Personal information
- Full name: Samar Amer Ibrahim Hamza
- Born: 4 April 1995 (age 31)

Sport
- Country: Egypt
- Sport: Freestyle wrestling
- Weight class: 76 kg

Medal record
Women's freestyle wrestling
Representing Egypt
World Championships
| Silver medal – second place | 2022 Belgrade | 76 kg |
| Bronze medal – third place | 2021 Oslo | 76 kg |
African Championships
| Gold medal – first place | 2016 Alexandria | 76 kg |
| Gold medal – first place | 2018 Port Harcourt | 76 kg |
| Gold medal – first place | 2019 Hammamet | 76 kg |
| Gold medal – first place | 2020 Algiers | 76 kg |
| Gold medal – first place | 2022 El Jadida | 76 kg |
| Gold medal – first place | 2023 Hammamet | 76 kg |
African Games
| Bronze medal – third place | 2019 Rabat | 68 kg |
| Bronze medal – third place | 2023 Accra | 76 kg |
Islamic Solidarity Games
| Bronze medal – third place | 2025 Riyadh | 76 kg |
Mediterranean Games
| Gold medal – first place | 2026 Taranto | 76 kg |
| Bronze medal – third place | 2018 Tarragona | 76 kg |
| Bronze medal – third place | 2022 Oran | 76 kg |

= Samar Amer =

Egyptian freestyle wrestler

Samar Amer (born 4 April 1995) is an Egyptian freestyle wrestler.
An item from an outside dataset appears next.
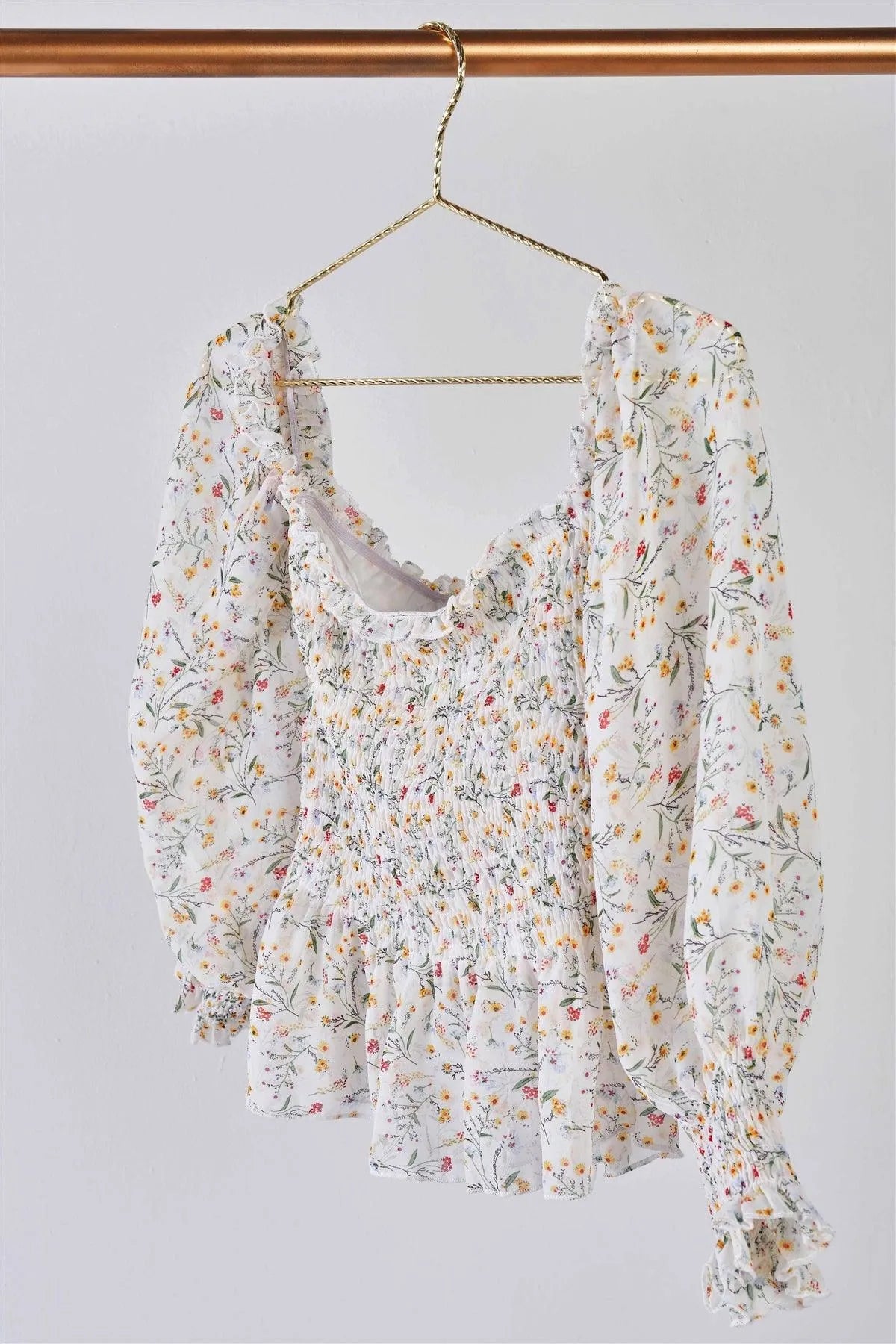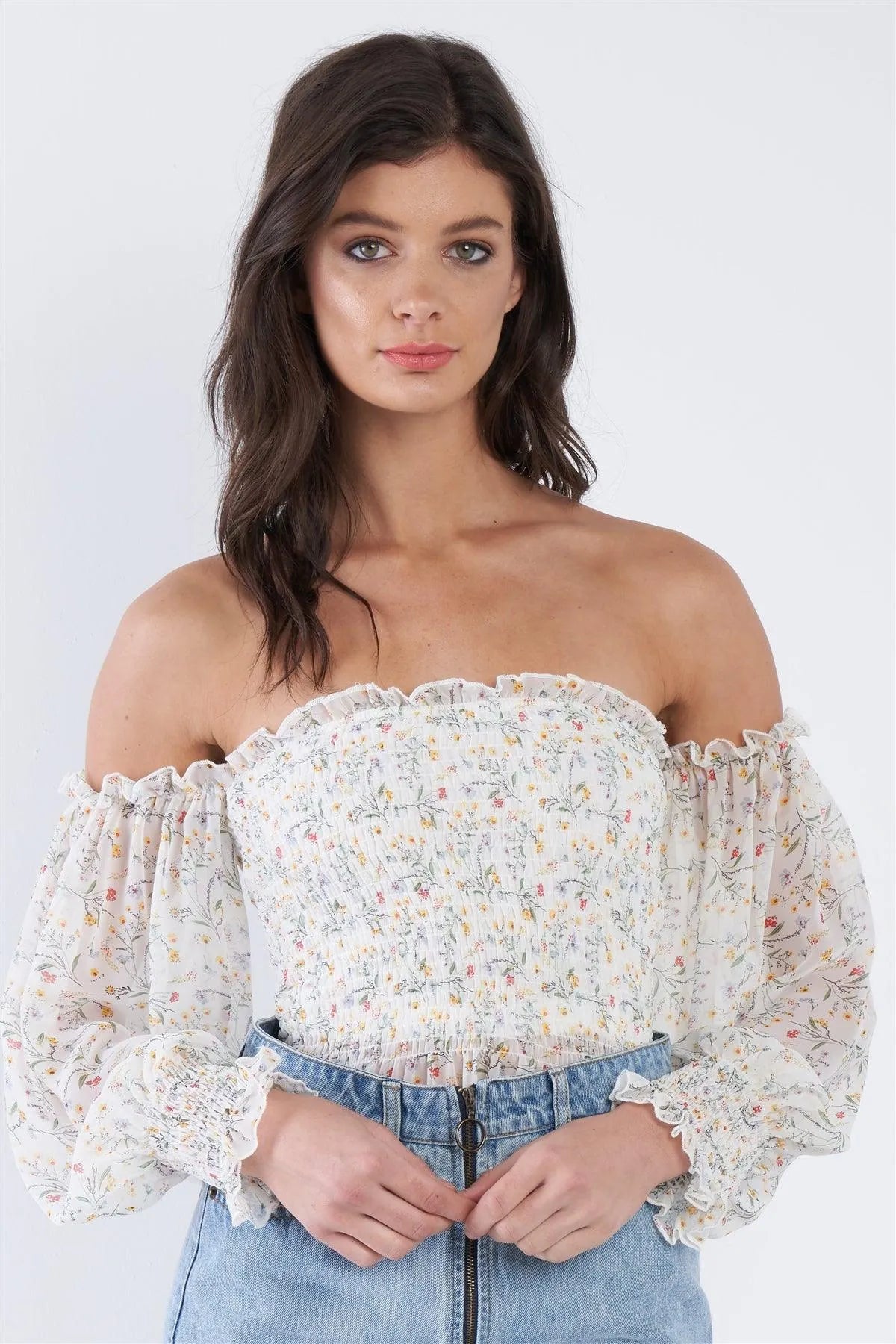 Top Features: square neckline, sheer, red blue yellow pink green and white floral print, off-the-shoulder, flounce hem, peplum, chic, classic, sheer puff sleeve, elastic cinched vintage sleeve cuff, ruched bodice, summer, lined, stretchy.Model is 5'9 wearing a size Small ( Waist: 23.5", Bust: 32B, Hips: 36")Item Measurements: Length: 14.5", Bust: 22" , Sleeve: 20"Item comes pre-packed with hang tagsTrue to size

She won the silver medal in the women's 76 kg event at the 2022 World Wrestling Championships held in Belgrade, Serbia. She became the first woman representing Egypt to reach a final at the World Wrestling Championships.

Amer competed at the 2016 Summer Olympics in Rio de Janeiro, Brazil, and the 2020 Summer Olympics in Tokyo, Japan.

== Career ==

In 2016, Amer competed in the women's freestyle 75 kg event at the 2016 Summer Olympics, in which she was eliminated in the round of 32 by Ekaterina Bukina.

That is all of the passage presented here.